For the rollout sequence (when to deploy which layer first, how to phase the budget, how to avoid the common ordering mistakes) see the federated rollout playbook, though the short version is that you stand up the primary catalog first (Polaris or Unity), wire CAASM into it as the first enrichment source, and only add Gravitino once you have three or more catalog types that need to be queried in a single statement on a daily basis.
Takeaways
Six things to walk away with.
- Meta-catalogs solve organizational complexity, not just technical complexity. Three-plus catalog types across federated business units is when Gravitino starts to earn its operational footprint, and the cold-query overhead in the testing I've seen is in the single-digit percent range, with near-zero overhead once the metadata cache is warm.

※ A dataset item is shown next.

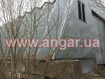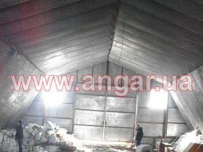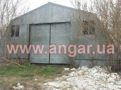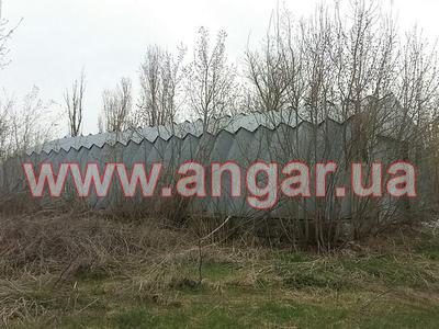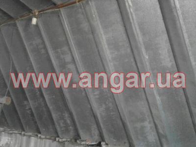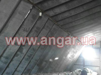 Ангар шатрового типа. Бескаркасный. Оцинкованный. Установлен. Состоит из V - образных элементов выполняющих одновременно функции несущих и ограждающих конструкций. Соединение элементов конструкции между собой и к фундаменту осуществляется на болтах посредством фланцев и закладных деталей. Всего V - образных элементов - 100шт. В комплекте двое торцевых раздвижных ворот размером 4мх4м.

- Choose Polaris for vendor-neutral Iceberg or Unity Catalog for fine-grained governance first, and only then consider Gravitino. Most security teams under 10K assets do not need a meta-catalog and should resist deploying one for theoretical-future-use reasons.
- Gravitino is early. Apache incubation status, emerging production references, performance benchmarks that match the reference architecture but lack the multi-year multi-petabyte validation that Iceberg and Delta have. Treat it as plausible and directionally correct, not as settled.
- CAASM transforms detection quality by moving false-positive filtering from analyst heads into the data. The published 70% to 95% false-positive reductions are upper-bound; expect the middle of that range across a typical detection library, with the bigger wins on rules that have obvious context to add.
- Federated enterprises see disproportionate CAASM value because siloed CMDBs, inconsistent naming, stale data, and shadow IT are federation-amplified problems. The marginal value is smaller for single-platform organizations with disciplined CMDB hygiene.
- Start with daily dbt-based enrichment, not real-time. Daily CAASM export into Iceberg plus dbt joins covers most use cases. Real-time lookup (Cribl plus a Redis cache, for example) is the next increment of complexity, and most teams reach for it before they have evidence the daily pattern is the bottleneck.